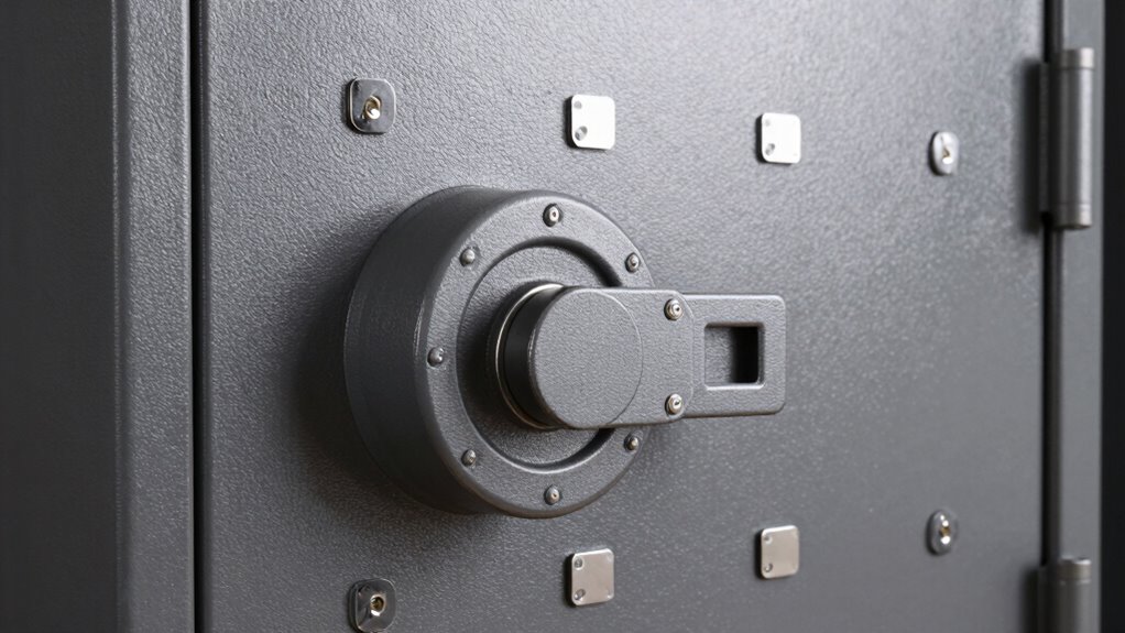 When it comes to securing your property, anti-pry and anti-drill features play a crucial role in deterring intruders. These features are designed to make forced entry difficult, increasing the time and effort required for someone to break in. To guarantee these features are effective, you need to pay attention to security maintenance and the manufacturing standards behind the products you choose. Proper security maintenance involves regularly inspecting your locks and hardware for signs of wear or damage. If a lock’s anti-pry plate or anti-drill components show signs of rust, cracks, or looseness, they could become weak points that thieves exploit. Maintaining your security hardware ensures it performs efficiently, keeping your property safe. Additionally, selecting hardware that complies with recognized manufacturing standards ensures your security measures are built to withstand attempted breaches. Manufacturing standards are equally critical. Reputable manufacturers adhere to strict guidelines that guarantee each lock or security device is built with quality materials and precise engineering. These standards often specify the thickness of metal, the strength of internal components, and resistance tests that the hardware must pass before reaching the market. When you invest in products that meet high manufacturing standards, you’re selecting hardware that’s been rigorously tested for durability against prying tools and drilling attempts. Lower-quality products might promise similar features but often fall short in real-world scenarios, making your security measures less dependable. Choosing locks that incorporate anti-pry and anti-drill features isn’t just about the initial purchase; it’s about ongoing security maintenance. Regularly check the hardware for signs of tampering or deterioration. Clean and lubricate moving parts to prevent rust, which could weaken the lock’s integrity. If you notice any damage or suspect that the features are compromised, replace or upgrade your locks promptly. Doing so maintains their resistance to forced entry and prolongs their effectiveness. When evaluating security hardware, look for certifications indicating compliance with recognized manufacturing standards. These certifications verify that the product has undergone rigorous testing and adheres to industry benchmarks for security and durability. Opting for hardware with such certifications gives you confidence that your anti-pry and anti-drill features will perform when it counts most. Remember, investing in quality hardware and maintaining it properly is your best defense against intruders. It’s not enough to have the right features; you need to guarantee they remain functional over time through diligent security maintenance informed by high manufacturing standards. This proactive approach creates a stronger barrier, giving you peace of mind knowing your property is well protected.
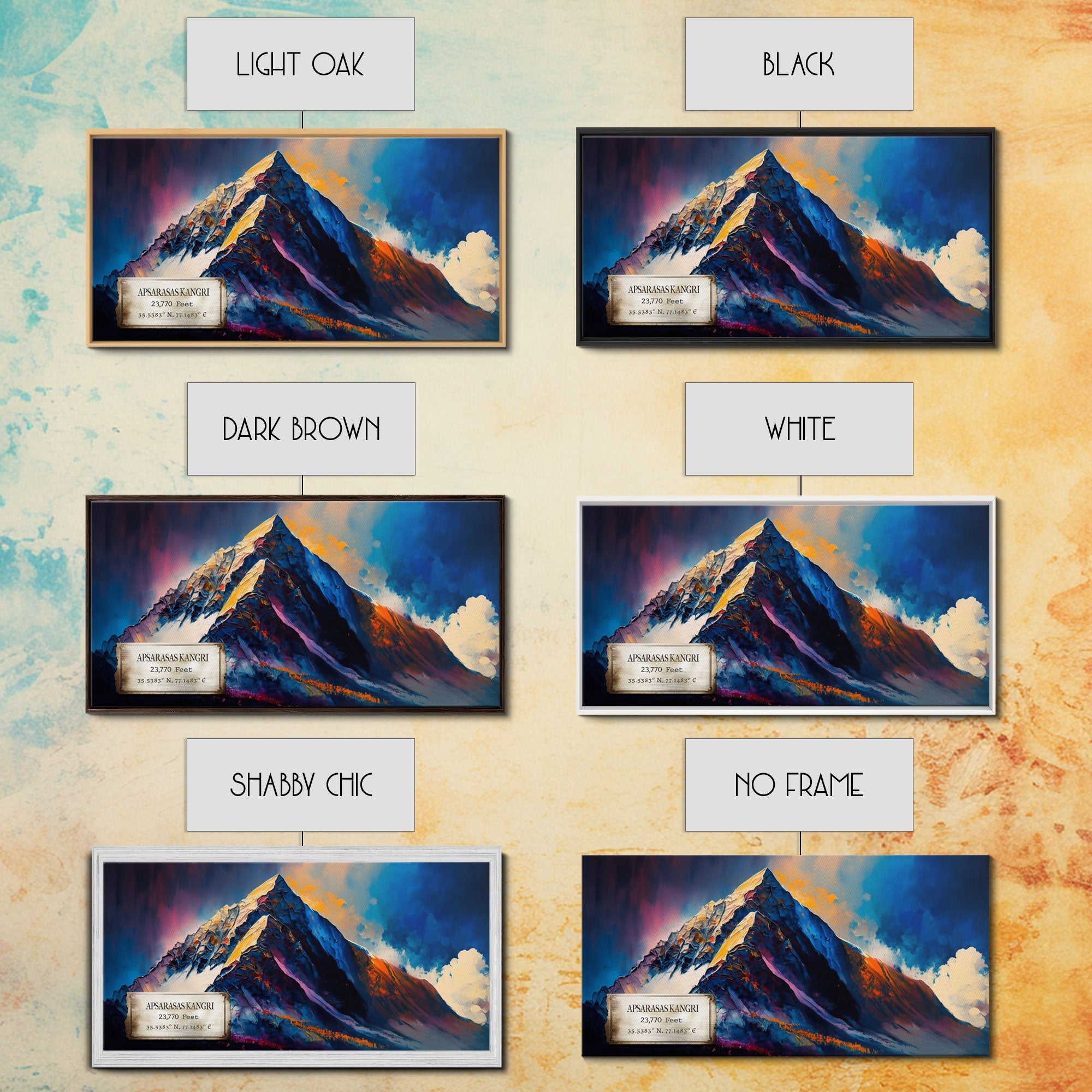 Apsarasas Kangri, Wall Art, Original Mountain Painting Print, Travel Poster, Mountain Landscape Wall Decor, Abstract Mountain Art
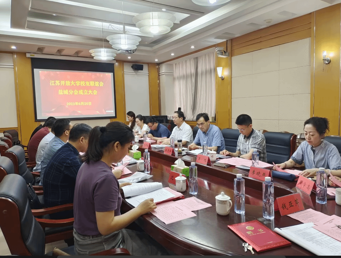 6月26日下午,江苏开放大学校友联谊会盐城分会在北校区图书馆301室正式成立。江苏开放大学党委常委、副校长尤佳春,学生工作处处长、校友联谊会办公室主任刘涛,艺术学院党总支副书记张洁等到会指导,我校工会副主席吴旭,继续学院院长、盐城开放大学校长陈志华,党政办公室主任钱亚芹及部分校友理事会代表参加会议。会议由继续教育学院副院长、盐城开放大学副校长李晓燕主持。
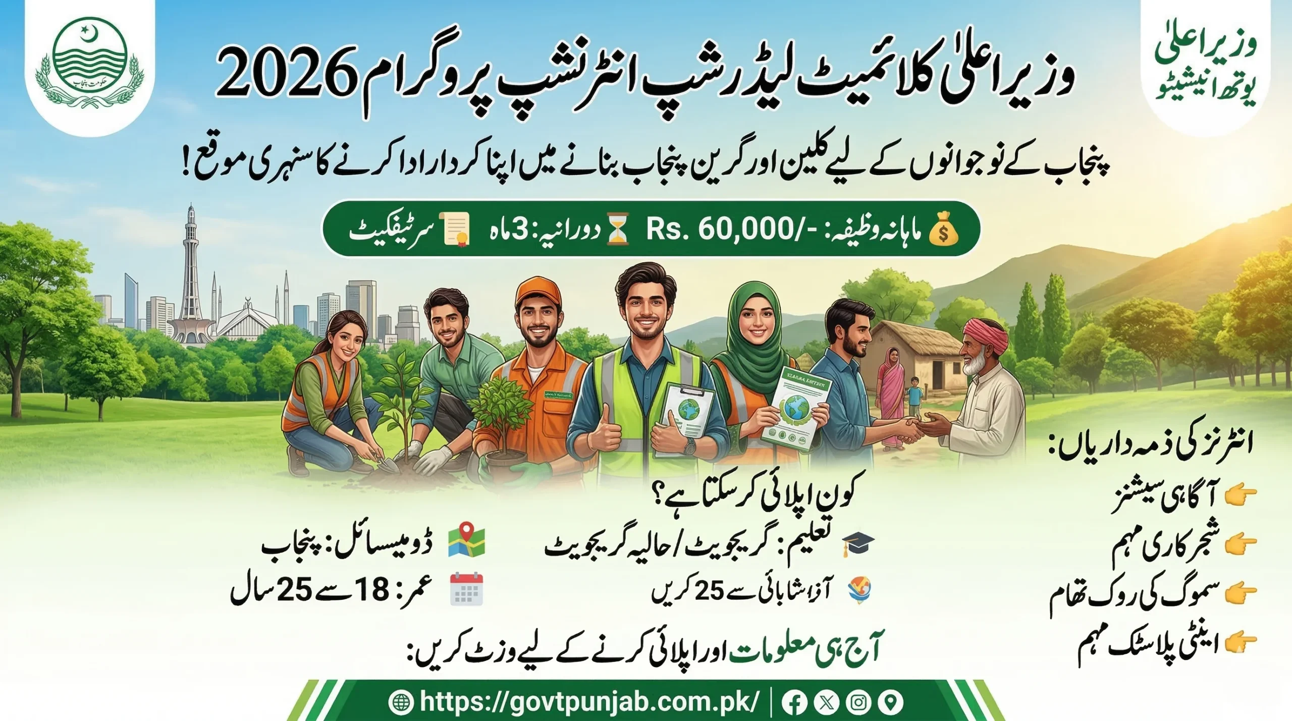 The CM Climate Leadership Internship is one of the most impactful initiatives launched by the Government of Punjab to involve young graduates in environmental protection and climate awareness. At a time when Punjab is facing serious environmental challenges such as smog, pollution, and rising temperatures, this internship provides a golden opportunity for youth to step forward and become part of the solution.
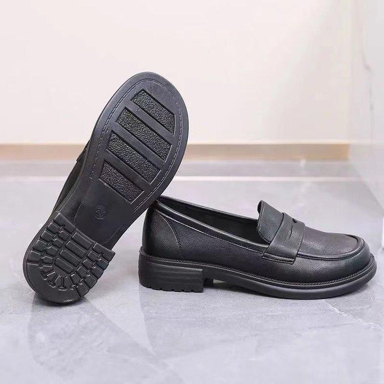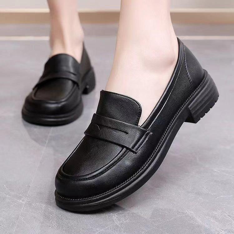 Zapatos de Otoño de Cuero Pequeños Estilo Británico Zapatos Individuales Mujer 2025 Nuevos Versátiles Negros de Cuero Suave Slip-on Mocasines Planos
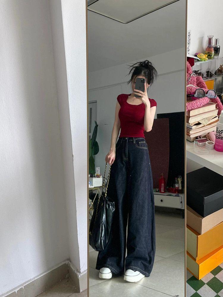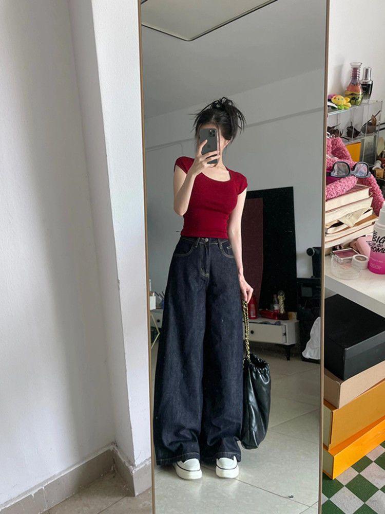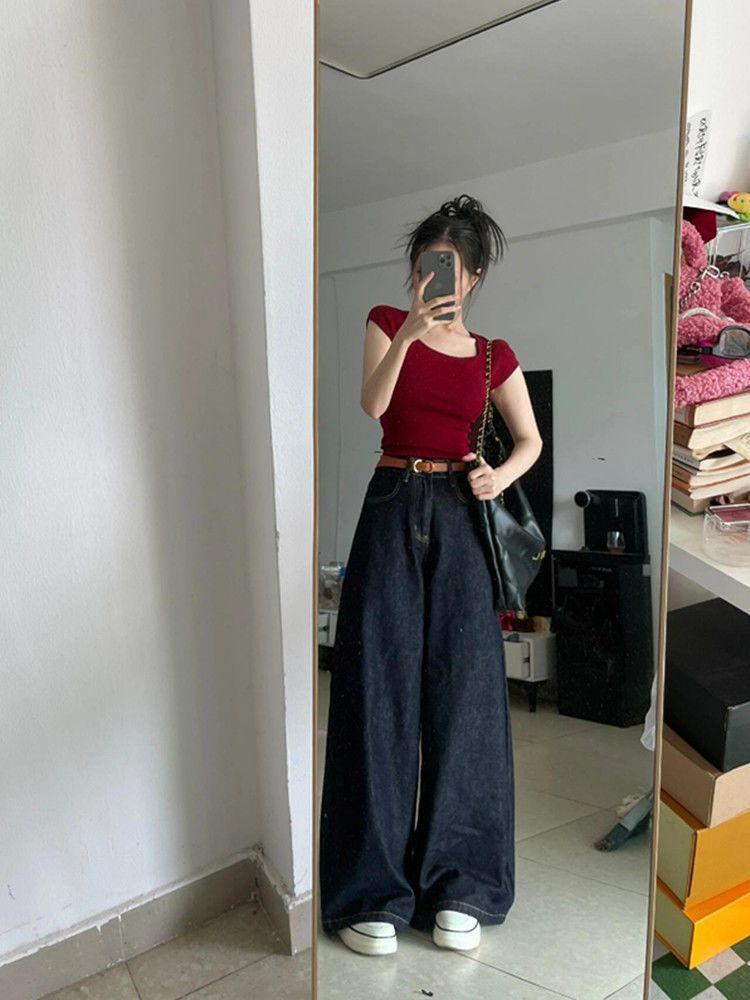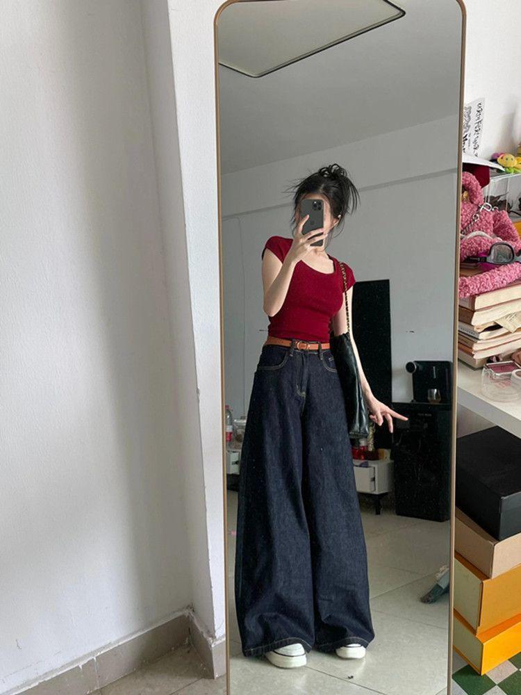 Pantalones vaqueros de pierna ancha Tannin para mujer, otoño 2024, nuevos, de cintura alta, holgados y rectos.
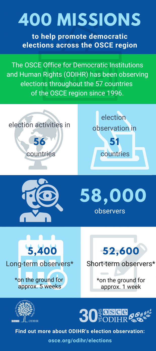 The OSCE Office for Democratic Institutions and Human Rights (ODIHR) has been observing elections throughout the OSCE region since 1996. The Office offers support and recommendations to participating States on ways to improve the conduct of elections in line with OSCE commitments and other international standards for democratic elections.

==============================

Exercise aim
Skip the pictures, then write out every entry exactly.

Output for this task
 When it comes to securing your property, anti-pry and anti-drill features play a crucial role in deterring intruders. These features are designed to make forced entry difficult, increasing the time and effort required for someone to break in. To guarantee these features are effective, you need to pay attention to security maintenance and the manufacturing standards behind the products you choose. Proper security maintenance involves regularly inspecting your locks and hardware for signs of wear or damage. If a lock’s anti-pry plate or anti-drill components show signs of rust, cracks, or looseness, they could become weak points that thieves exploit. Maintaining your security hardware ensures it performs efficiently, keeping your property safe. Additionally, selecting hardware that complies with recognized manufacturing standards ensures your security measures are built to withstand attempted breaches. Manufacturing standards are equally critical. Reputable manufacturers adhere to strict guidelines that guarantee each lock or security device is built with quality materials and precise engineering. These standards often specify the thickness of metal, the strength of internal components, and resistance tests that the hardware must pass before reaching the market. When you invest in products that meet high manufacturing standards, you’re selecting hardware that’s been rigorously tested for durability against prying tools and drilling attempts. Lower-quality products might promise similar features but often fall short in real-world scenarios, making your security measures less dependable. Choosing locks that incorporate anti-pry and anti-drill features isn’t just about the initial purchase; it’s about ongoing security maintenance. Regularly check the hardware for signs of tampering or deterioration. Clean and lubricate moving parts to prevent rust, which could weaken the lock’s integrity. If you notice any damage or suspect that the features are compromised, replace or upgrade your locks promptly. Doing so maintains their resistance to forced entry and prolongs their effectiveness. When evaluating security hardware, look for certifications indicating compliance with recognized manufacturing standards. These certifications verify that the product has undergone rigorous testing and adheres to industry benchmarks for security and durability. Opting for hardware with such certifications gives you confidence that your anti-pry and anti-drill features will perform when it counts most. Remember, investing in quality hardware and maintaining it properly is your best defense against intruders. It’s not enough to have the right features; you need to guarantee they remain functional over time through diligent security maintenance informed by high manufacturing standards. This proactive approach creates a stronger barrier, giving you peace of mind knowing your property is well protected.
 Apsarasas Kangri, Wall Art, Original Mountain Painting Print, Travel Poster, Mountain Landscape Wall Decor, Abstract Mountain Art
 6月26日下午,江苏开放大学校友联谊会盐城分会在北校区图书馆301室正式成立。江苏开放大学党委常委、副校长尤佳春,学生工作处处长、校友联谊会办公室主任刘涛,艺术学院党总支副书记张洁等到会指导,我校工会副主席吴旭,继续学院院长、盐城开放大学校长陈志华,党政办公室主任钱亚芹及部分校友理事会代表参加会议。会议由继续教育学院副院长、盐城开放大学副校长李晓燕主持。
 The CM Climate Leadership Internship is one of the most impactful initiatives launched by the Government of Punjab to involve young graduates in environmental protection and climate awareness. At a time when Punjab is facing serious environmental challenges such as smog, pollution, and rising temperatures, this internship provides a golden opportunity for youth to step forward and become part of the solution.
 Zapatos de Otoño de Cuero Pequeños Estilo Británico Zapatos Individuales Mujer 2025 Nuevos Versátiles Negros de Cuero Suave Slip-on Mocasines Planos
 Pantalones vaqueros de pierna ancha Tannin para mujer, otoño 2024, nuevos, de cintura alta, holgados y rectos.
 The OSCE Office for Democratic Institutions and Human Rights (ODIHR) has been observing elections throughout the OSCE region since 1996. The Office offers support and recommendations to participating States on ways to improve the conduct of elections in line with OSCE commitments and other international standards for democratic elections.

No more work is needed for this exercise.